Dáil debates

Wednesday, 9 December 2015

Establishment of Independent Anti-Corruption Agency: Motion (Resumed) [Private Members]

 

5:30 pm

Photo of Jimmy DeenihanJimmy Deenihan (Kerry North-West Limerick, Fine Gael) | Oireachtas source

This Government recognises the need for robust regulation and enforcement when it comes to tackling corrupt behaviour. We have overhauled regulation of the financial services sector, the corporate sector and the public sector. A major programme of legislation, including the Central Bank (Supervision and Enforcement) Act 2013, the Companies Act 2014, the Electoral (Amendment) (Political Funding) Act 2012, the Protected Disclosures Act 2014, the Regulation of Lobbying Act 2015 and the Criminal Justice Act 2011 has been enacted. Deputies have pointed to the need to do more to implement the recommendations made by various tribunals and the Standards in Public Office Commission. There is no dispute on this. The Government knows that there is more to be done, and it is taking action.

Three Bills are due for publication shortly which will implement those outstanding recommendations. They are the public sector standards Bill, the planning and development (amendment) (No. 2) Bill and the criminal justice (corruption) Bill. All three will be coming before Government for approval to publish in the coming days and weeks. A Bill which will establish the office of the planning regulator, OPR, will be brought to Government by the Minister for the Environment, Community and Local Government next week. Under the provisions of the Bill, the office will be fully independent of the Department, responsible for the independent assessment of all local authority and regional assembly forward planning, including zoning decisions of local authority members in local area and development plans, to ensure compliance with relevant national and regional policy, empowered to review the organisation, systems and procedures used by any planning authority or An Bord Pleanála in the performance of any of their planning functions under the planning Acts, including possible risks of corruption and on foot of individual complaints from members of the public, and required to undertake research, education and public information programmes to highlight the role and benefit of planning. The Government's aim is to ensure proper oversight of planning authorities that will ensure public confidence in the delivery of quality outcomes in planning decisions. Establishment of the OPR will ensure zoning decisions will continue to be scrutinised but in a new and independent manner, separate from the Minister's Department, where that function currently resides.
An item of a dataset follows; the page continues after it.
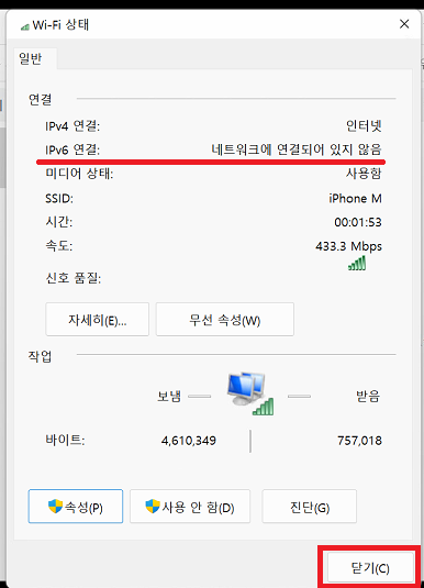아이폰 핫스팟 테더링 연결 시 IPv6 로 통신하는 문제 해결을 위해 네트워크 어댑터에서 IPv6 비활성화 하기

The public sector standards Bill will deliver comprehensive reform, streamlining provisions at local and national level and ensuring greater consistency in ethics legislation across the public sector. The Bill will significantly enhance the framework for identifying, disclosing and managing conflicts of interest as well as minimising corruption risks. It will replace the Standards in Public Office Commission with a single public sector standards commissioner with increased powers. The deputy commissioner, who will be independent in terms of the investigations functions, will implement improved complaints and investigations procedures. The commissioner will have stronger powers of sanction and enforcement as well as a role in the provision of advice and guidance. All public officials will have to disclose as a matter of routine actual and potential conflicts of interest that arise in the context of the performance of their duties. The Bill significantly extends the personal and material scope of disclosures for public officials in line with Mahon tribunal recommendations, with common definitions applying at national and local level.

The corruption Bill will also be published in the coming weeks. It will clarify and strengthen the law criminalising corruption. It provides penalties of up to ten years' imprisonment and unlimited fines for persons convicted on indictment. Courts are to be given new powers to remove certain public officials from office upon conviction. The Bill will implement Mahon tribunal recommendations for a new offence of making payments knowingly or recklessly to a third party who intends to use them as bribes, and for a new offence of using confidential information to obtain an advantage corruptly. The Bill will contain presumptions of corruption: where a person with an interest in the functions of a public official makes a payment to the official or a close relative, where a public official fails to declare interests as required by ethics legislation, and where a public official accepts a gift in breach of ethics codes.

The proposal to establish an anti-corruption agency is clearly well motivated. What is proposed is the merger of a range of existing agencies with wide and varying responsibilities, functions and powers. It is not clear how the amalgamation would enhance the capacity of the State to fight corruption without having adverse consequences for the existing functions of those agencies. We also need to acknowledge the strong co-operation that currently takes place between agencies. For example, the Garda Bureau of Fraud Investigation already works closely with other bodies, including the Office of the Director of Corporate Enforcement, the Central Bank, the Revenue Commissioners and the Competition and Consumer Protection Commission. Indeed, a number of gardaí are seconded to the Competition and Consumer Protection Commission and the Office of the Director of Corporate Enforcement. Recent convictions for breaches of the Companies Acts were made possible by that co-operation. I remind the House, however, that the Taoiseach has asked his officials to assess how the regulatory, investigatory and enforcement framework can be improved.